═════ GIVEN INFORMATION ═════
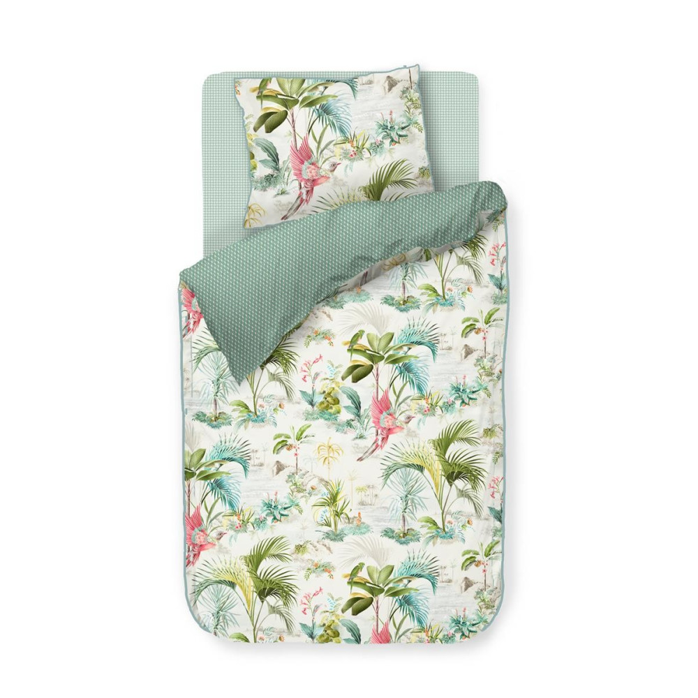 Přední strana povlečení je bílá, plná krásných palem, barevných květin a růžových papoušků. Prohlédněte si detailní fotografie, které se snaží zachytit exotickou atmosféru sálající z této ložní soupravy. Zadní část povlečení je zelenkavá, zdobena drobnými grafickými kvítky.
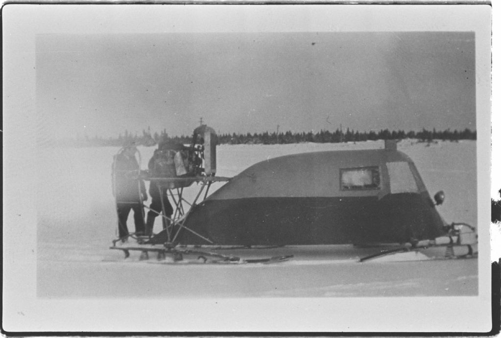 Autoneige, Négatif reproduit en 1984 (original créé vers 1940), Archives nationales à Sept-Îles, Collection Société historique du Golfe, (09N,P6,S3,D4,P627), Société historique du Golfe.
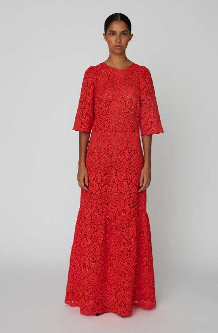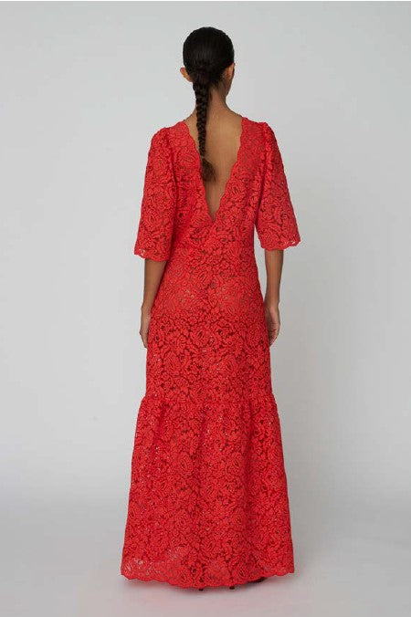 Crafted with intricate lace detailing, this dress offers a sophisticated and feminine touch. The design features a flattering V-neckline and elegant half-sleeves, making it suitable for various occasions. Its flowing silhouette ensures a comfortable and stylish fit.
═════
═════ GIVEN INFORMATION ═════
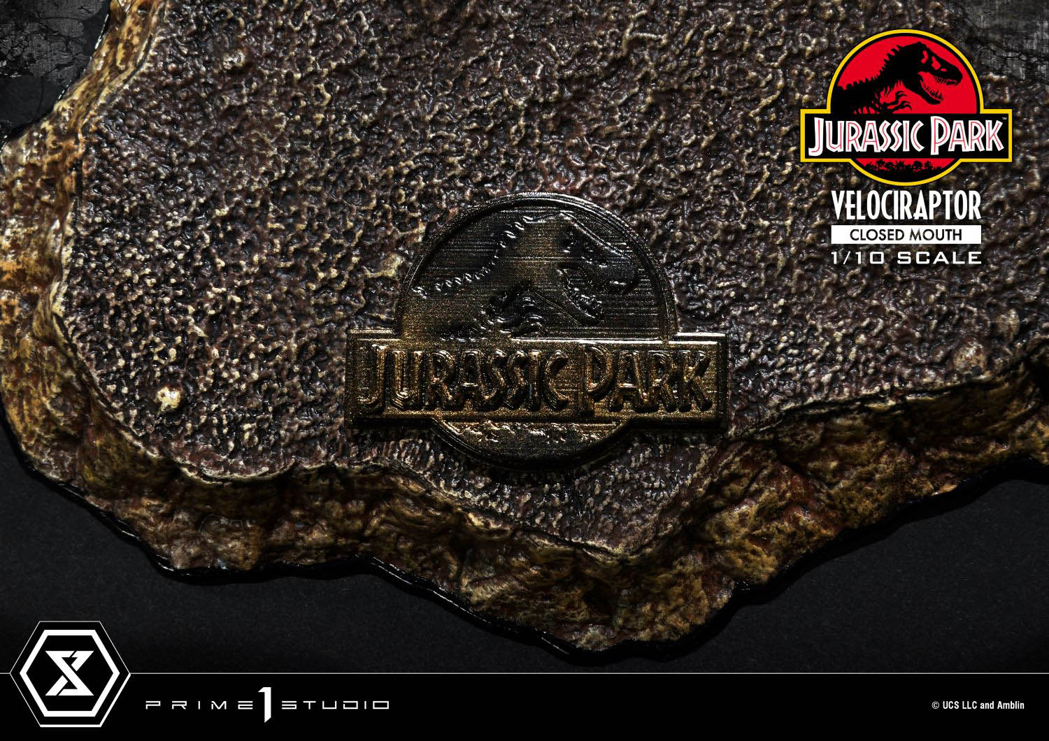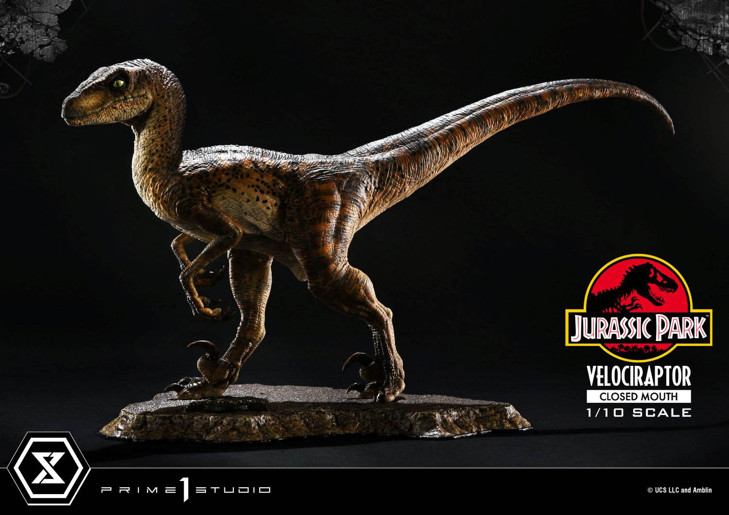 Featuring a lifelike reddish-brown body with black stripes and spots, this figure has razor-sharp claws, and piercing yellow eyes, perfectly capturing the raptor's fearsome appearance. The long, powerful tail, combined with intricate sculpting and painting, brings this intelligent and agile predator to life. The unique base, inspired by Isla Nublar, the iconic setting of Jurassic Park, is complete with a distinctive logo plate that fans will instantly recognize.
═════
PROBLEM TO SOLVE> Using the entries above, repeat exactly the lines from the one with "Přední strana povlečení" to the one with "Crafted with intricate", both included, and leave the pictures behind.

OUTPUT FOR THIS EXERCISE>
 Přední strana povlečení je bílá, plná krásných palem, barevných květin a růžových papoušků. Prohlédněte si detailní fotografie, které se snaží zachytit exotickou atmosféru sálající z této ložní soupravy. Zadní část povlečení je zelenkavá, zdobena drobnými grafickými kvítky.
 Autoneige, Négatif reproduit en 1984 (original créé vers 1940), Archives nationales à Sept-Îles, Collection Société historique du Golfe, (09N,P6,S3,D4,P627), Société historique du Golfe.
 Crafted with intricate lace detailing, this dress offers a sophisticated and feminine touch. The design features a flattering V-neckline and elegant half-sleeves, making it suitable for various occasions. Its flowing silhouette ensures a comfortable and stylish fit.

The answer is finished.